A result can be statistically significant and practically useless. p = 0.01 with a gain of +0.3 % in conversion rate: is this worth the development cost and the associated technical debt? Probably not.

La statistical significance answers : “Is this effect due to chance?” It does not answer: “Is this effect large enough to matter?” To do this, use measures of’effect size - Cohen's d, relative lift, The absolute impact projected onto your user base. Define a Minimum Business Impact What is the smallest result that would justify implementing the change? It's this bar that should guide your decisions, not just the p-value.

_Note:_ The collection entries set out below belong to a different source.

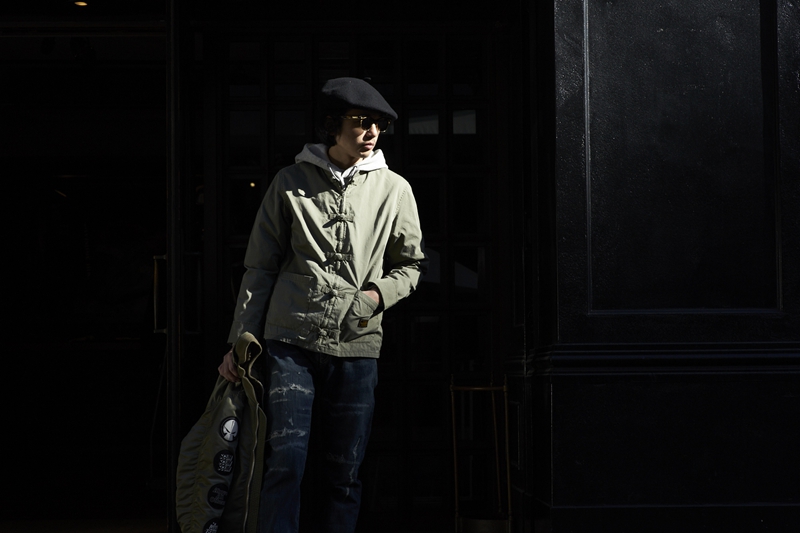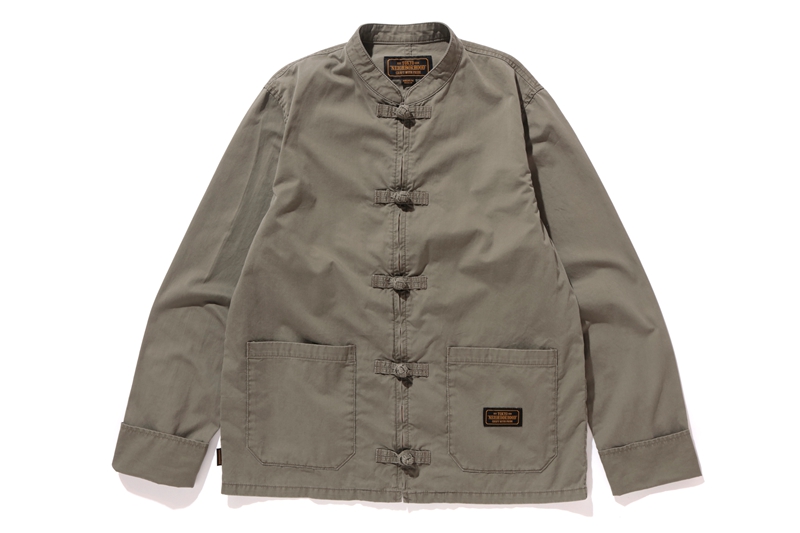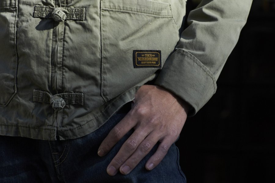 而为了庆祝此次 9 周年活动,特意为军绿色唐装设计独立车章,NEIGHBORHOOD 设计师泷泽伸介就以此打造出一件独一无二的唐装单品!
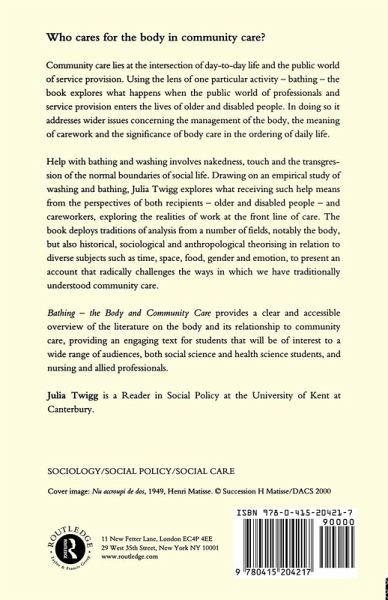 Community care lies at the intersection of day-to-day life and the public world of service provision. Using the lens of one particular activity - bathing - this book explores what happens when the public world of professionals and service provision enters the lives of older and disabled people. In doing so it addresses wider issues concerning the management of the body, the meaning of carework and the significance of body care in the ordering of daily life.
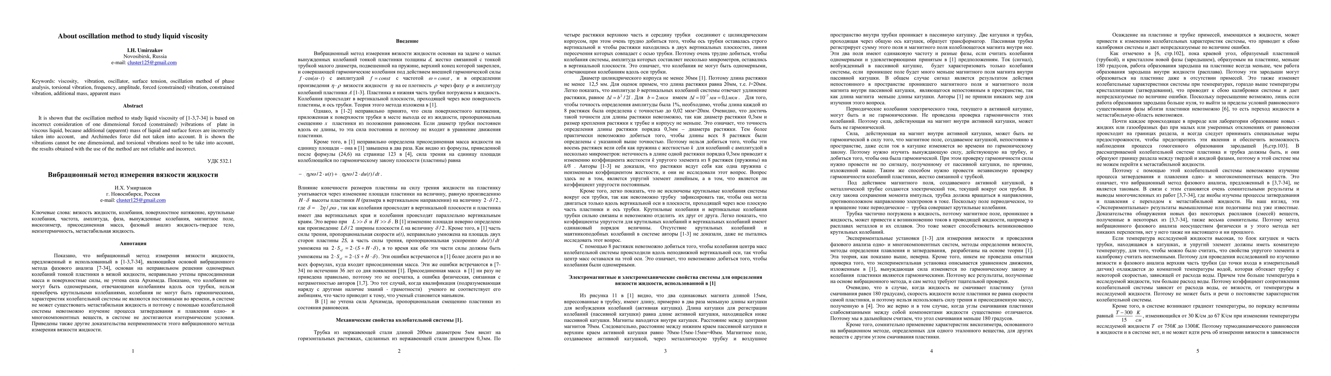 It is shown that the oscillation method to study liquid viscosity of [1-3,7-34] is based on incorrect consideration of one dimensional forced (constrained) )vibrations of plate in viscous liquid, because additional (apparent) mass of liquid and surface forces are incorrectly taken into account, and Archimedes force did not taken into account. It is shown the vibrations cannot be one dimensional, and torsional vibrations need to be take into account, the results obtained with the use of the method are not reliable and incorrect.
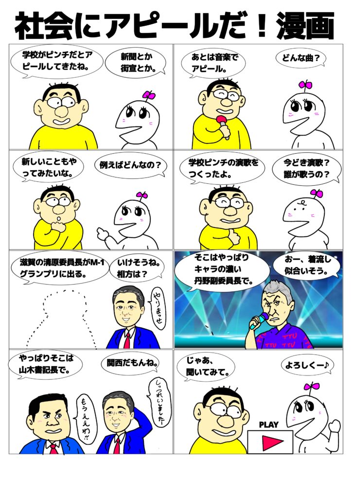 学校における働き方改革を進めるためには、これを社会的課題だと世間の皆さんに受け止めてもらうことが大切ですね。ということで、社会にアピールするための方法考えてみました。学校のピンチをアピールする演歌は漫画の下にあります。よかったら「いいね👍」を押してくださいね。
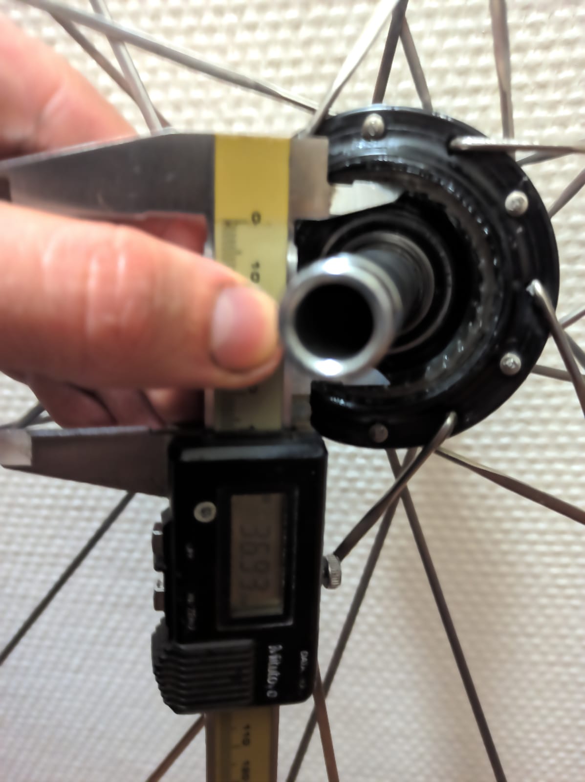 Binnenmaat body in de naaf, hier heb gemeten dat een zipp 176/177 XDR hub ogenschijnlijk zou passen, maar net minder dan 0,5mm te grote diameter heeft voor het ratel-deel om er in te kunnen passen:
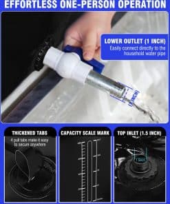 Tanque de agua ideal para suministro de agua de emergencia en el hogar, irrigación de jardines, recolección de agua de lluvia, almacenamiento de agua en RV, agricultura, riego de jardines, pre-carga de puentes, etc. Construido con material de malla resistente recubierto de PVC de doble cara de alta densidad de 1/20 de pulgada de grosor. Incluye tapa plástica con salida de agua de rosca de 1 pulgada y entrada de 1,5 pulgadas. Fácil de transportar y asegurar con 4 anillos de extracción en la parte superior. Diseño ligero y plegable que ahorra espacio de almacenamiento. Dimensiones de 59.1 x 35.4 x 15.7 pulgadas cuando está lleno y 15.75 x 11.02 x 7.09 pulgadas cuando está plegado. Incluye tanque de agua, parche de tela, sellador y balde plegable. Garantía de un año y servicio personalizado. Contacta con nosotros para cualquier pregunta o sugerencia.

3. Behavioural and measurement biases that lead to misinterpretation

A test can be technically valid and statistically correct - and still mislead you. This is where user bias and metrics come in.

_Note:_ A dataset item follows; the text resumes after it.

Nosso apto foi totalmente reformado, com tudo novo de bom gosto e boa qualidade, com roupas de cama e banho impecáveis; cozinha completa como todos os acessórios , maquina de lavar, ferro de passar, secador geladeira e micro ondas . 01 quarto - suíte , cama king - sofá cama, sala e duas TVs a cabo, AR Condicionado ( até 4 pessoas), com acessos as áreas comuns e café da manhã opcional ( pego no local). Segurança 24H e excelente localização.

The novelty effect and Sample Ratio Mismatch

Two distinct phenomena can corrupt your conclusions at this stage. The first is the’novelty effect a variant performs better simply because it is different. Users explore out of curiosity and click more - but this effect is transitory. If you measure too early, your apparent gain will disappear once the novelty wears off. Conversely’Hawthorne effect causes users who feel they are being watched to behave differently. To distinguish a real gain from an artefact, monitor the evolution of the metric over time and wait at least two weeks before concluding on a major interface change.

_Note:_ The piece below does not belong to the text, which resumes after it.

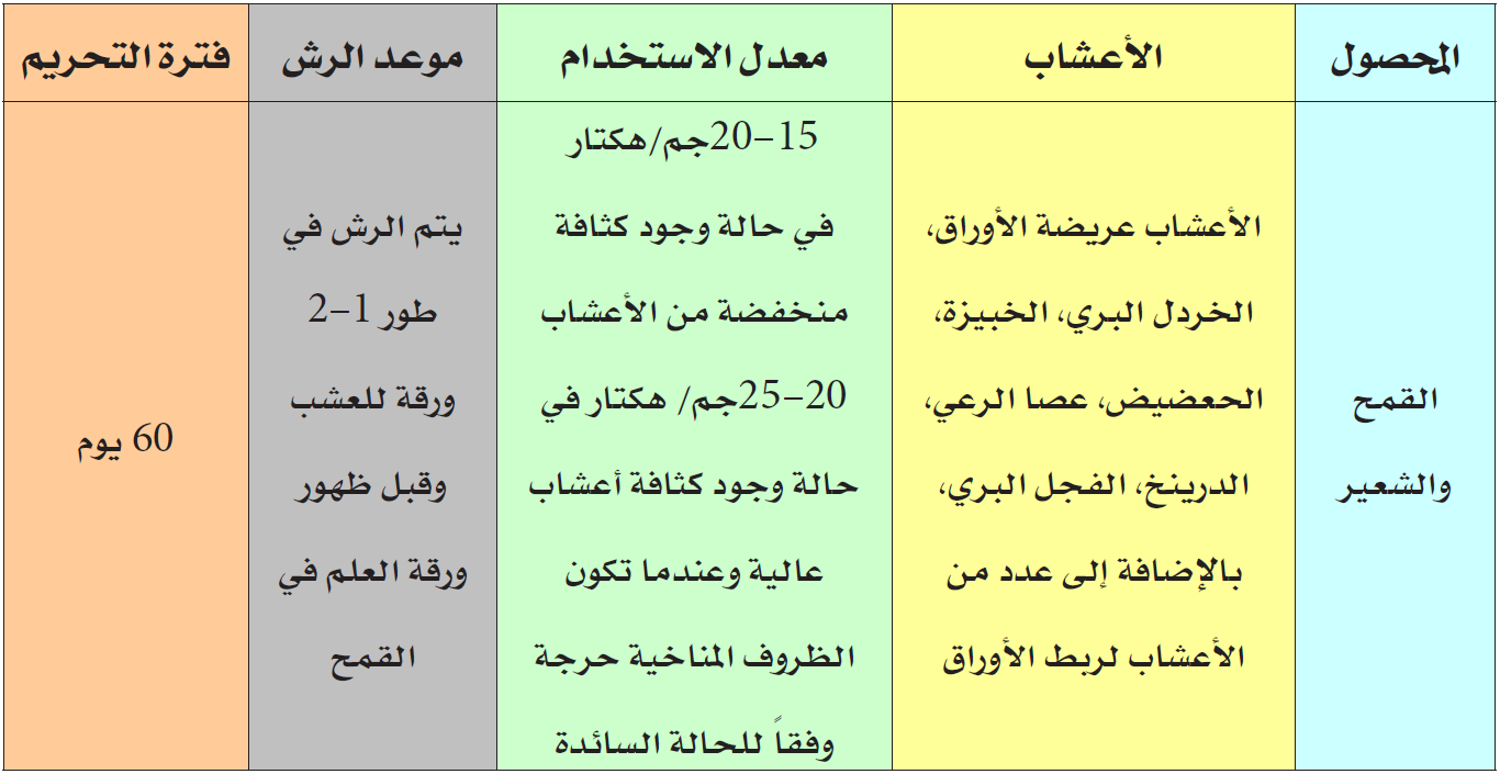 تختلف أصناف القمح والشعير في مستوى حساسيتها ويمكن إجراء رش محدود على الصنف قبل الاستخدام الحقلي الموسم.

The second phenomenon is the Sample Ratio Mismatch (SRM) The ratio of users between the variants does not correspond to the expected ratio. If your test is designed on a 50/50 basis and you obtain 52/48, all your conclusions are invalid. Before any analysis, carry out a chi-square test on your group sizes. Common causes include tracking, s, misconfigured redirects and bots filtered after assignment, or a cross-contamination between groups.

Poorly chosen metrics

This is the most strategic trap. A perfectly executed test can lead to the wrong decision if you measure the wrong thing. Classic example: you optimise the click-through rate on an add to basket button. It goes up. But the purchase completion rate fall. You've created friction downstream without realising it.

All good tests must include guardrail metrics - metrics that you are not trying to improve, but do not want to deteriorate: revenue per user, retention rate, NPS, loading time. If a guardrail metric deteriorates, the “winning” variant on the main metric may not be a win. Before you launch, ask yourself this question: “If this metric increases by X %, am I sure that's good for business?” If the answer is “not necessarily”, look for a better metric.

Author
Picture of Rodolphe Balay
Rodolphe Balay
Rodolphe Balay is co-founder of iterates, a web agency specialising in the development of web and mobile applications. He works with businesses and start-ups to create customised, easy-to-use digital solutions tailored to their needs.